There are two things I didn't want to do when reviewing Jose Padilha's reboot/remake of Robocop:

1) Spend too much time comparing it to the original as every film deserves to be reviewed on its own merits.

2) Launch into a rant about the ridiculousness of the 12A rating that means families are taking 5-6 year olds to screenings of a film that features a rather high level of gun violence. Really?! Don't they know there is an amazing LEGO movie they could have taken them to see this weekend instead?

So here goes...

Detroit cop Alex Murphy is critically injured in a car bomb explosion when he gets too close to a case. Omnicorp, who specialise in overseas robotic defence contracts, step in and turn Murphy into Robocop in order to try and turn US opinion to their campaign to have their robots patrolling the streets instead of human cops.

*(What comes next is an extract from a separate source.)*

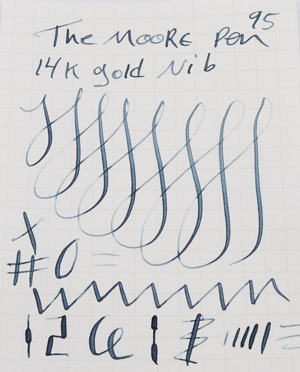 Nib FLEXIBLE FINE 14k Moore #4 nib. See the writing sample below.

There are several interesting themes that could be developed throughout the film; Samuel L. Jackson's political pundit Novak's critique of US policies, the replacement of human labour by machines, Detroit as a city of decay (even Omnicorp have outsourced to Asia), what does it mean to be human, etc, etc.

Yet most of this is not given the time to compute as the film's programming is quickly overridden to become a run-of-the-mill action film as Robocop hunts down the men responsible for turning him into a head and pair of lungs in a machine (really) and then turns on his creators.

Michael Keaton's Omnicorp CEO is asked at one point what a robot would feel if it killed someone. "Nothing" he replies. And that is pretty much what I felt after watching it. Nothing. As Jackie Earle Haley's Maddox remarks, "I wouldn't buy that for a dollar".